Yes. Sonix offers an MCP server that lets compatible AI assistants securely access your Sonix media library and transcripts through OAuth. Today, MCP access is read-only, so assistants can browse recordings, pull transcripts into context, generate exports, and check account status. For creating new transcriptions, translations, captions, summaries, or automated workflows, use the Sonix CLI instead.
How does Sonix support accuracy for research transcripts?
Sonix combines AI-powered transcription with custom dictionaries for domain-specific terminology. Researchers can add participant names, product terms, and industry vocabulary to improve accuracy. The tarayıcı içi düzenleyici provides playback synced to text with word-level timecodes for efficient review and cleanup.
What security measures does Sonix have for sensitive research data?

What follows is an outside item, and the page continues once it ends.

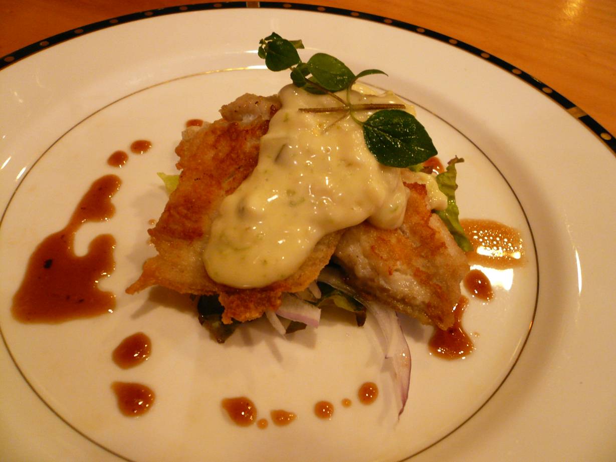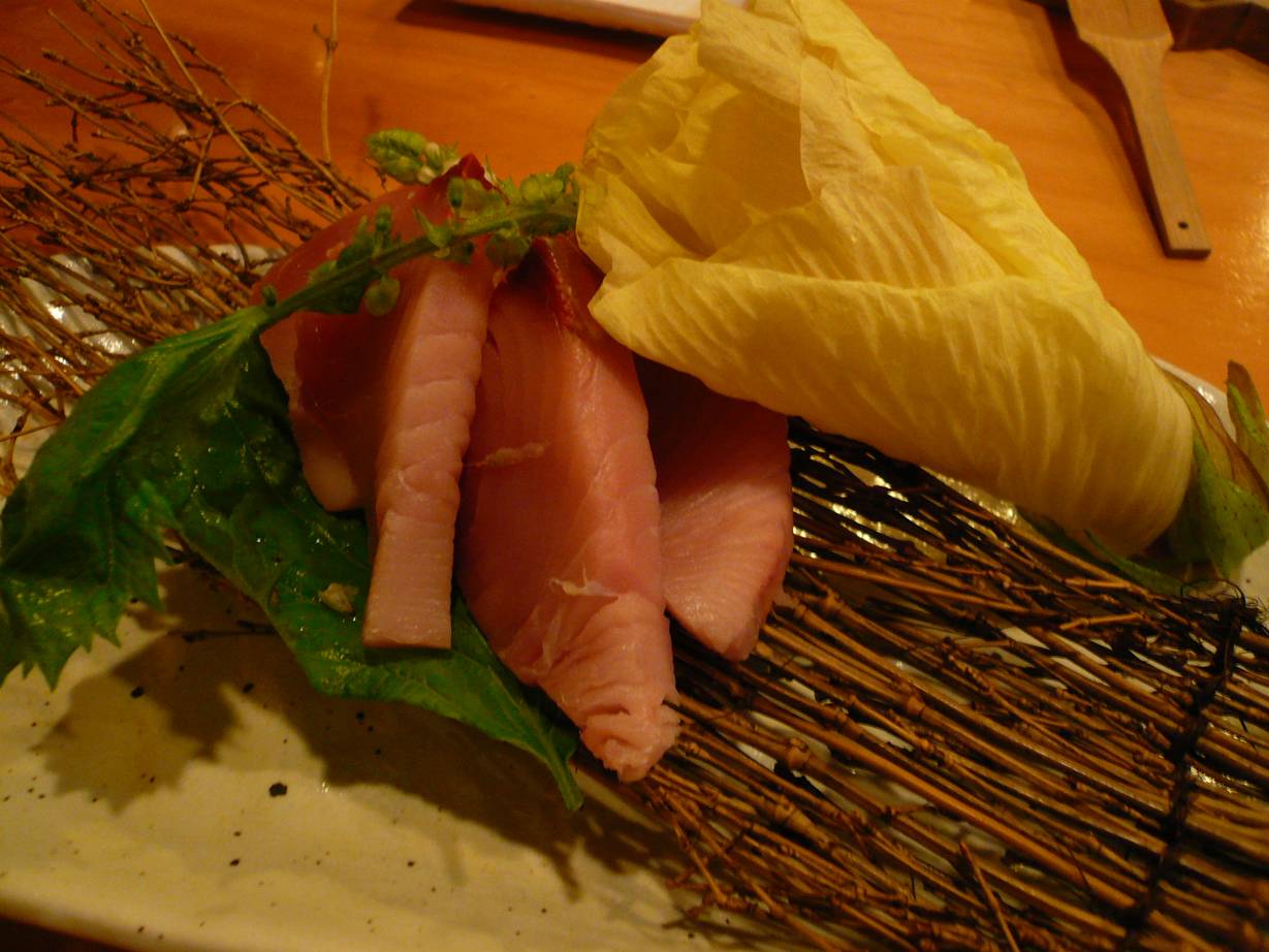 福山市御船町1丁目1-3 084-926-3538 今日は福山で食事をいただく。 わがままを言って洋食で面白い店を聞いたら、このお店を教えてくれた。 カウンターだけのお店。 いかついおっちゃんのお店だろうか。 カウンターに洋食と一品物の大皿が置いている。 居酒屋?不思議なお店だなぁ。 ご主人のお任せ(2人で2,500円くらいではないだろうか?) まずは白和え。 二日酔いが少しあったので白和えの甘さと春菊か何かの苦さが すっきりさせてありがたい。 スタートでしっかりした旨さがあるとうきうきするなぁ♪ 鰹の刺身。 鰹のとろっとした感じがいいねぇ。 あんまり血臭さもなく、脂もわりとあった。 この時期の鰹としては幸せな味だなぁ。 でもそれ以上に面白かったのは隣の花。 オクラの花らしい。 オクラの花って食べたことなかったけど、食べたら花っぽくなく、近いのはレタスかな? しゃくしゃくして香りはそんなにない。 でもめしべに近づくと独特の粘りが出てくる。 これは貴重な体験したなぁ! わかめと白菜の冷製。 ってより和食だね。 ネットリした汁で白菜やたくさんのキノコ、ワカメをあっさり食う。 気持の変化にいいのと、ワカメが凄く分厚いのが食べがいがあっていい。 丁寧な感じで気持がいい料理ですなぁ。 手作りソーセージ。 ずっしり! って感じの田舎臭いソーセージ。 沢山は重いが一本食べるには旨い! 強い味なのでマスタードやザワークラウトがあるとありがたいねぇ。 ビールが合うではないか! ライスコロッケ。 ここのお店の名物らしい。 しっかりチーズが入って香りが強く、米をぷるんとした味が面白い。 しかしかなり味は濃いし強い味。 これまたお酒に合わせる味だなぁ。 ってよりあつあつハフハフで食べれるのは嬉しい。 カウンターキッチンの醍醐味だね! 鰆の自家製タルタルソース。 鰆は独特のホコッとした身が香ばしく焼けてて旨い。 これは脂がなくあっさり食べれる中で、自家製タルタルソースがさらに重さを作らないのでいいなぁ。 少し酸味があって緑かかったタルタルソース。 茹で卵は使ってないのかな? それがこの魚によく合っていいなぁ。 手作りパスタの冷製たらこスパゲティ。 太いぷるっとしたパスタにたらこ・ハム・玉ねぎで食べる。 ご主人さんが「緑の物を合わせたかったのだけどいいのがなくてね」 って言われた。 確かに色合いはそうですね。 でもぷるっとしたパスタは旨いのだけど少し水っぽい感じ。 でも塩分は随分と強くなんだか不思議な味。 たらこって意外と難しいんだろうなぁ、って思ったなぁ。 これにビールを2杯・お茶を飲んで4,000円くらいだったかな? 安いなぁ。 ちなみに2人でだよ! ありがたいお店だ。 面白いお店だと思うし近くにあったら通うなぁ。 ご馳走様でした!

Sonix korur SOC 2 Tip II compliance with encryption in transit and at rest, role-based access controls, and SSO/SAML support for enterprise teams. MCP connections use OAuth 2.1 authorization that users can revoke at any time, and access is limited to paid plans with owner or producer roles.
Is MCP suitable for large-scale qualitative research projects?
Yes, particularly when combining multiple MCP servers. Use Sonix MCP to access your transcript library, Memory MCP to maintain synthesis across sessions, and Sonix collaboration features for team review. The approach scales well for projects with dozens or hundreds of interview recordings.
Dünyanın En Doğru Yapay Zeka Transkripsiyonu
Sonix, ses ve videolarınızı dakikalar içinde yazıya döker - otomatik olduğunu unutturacak bir doğrulukla.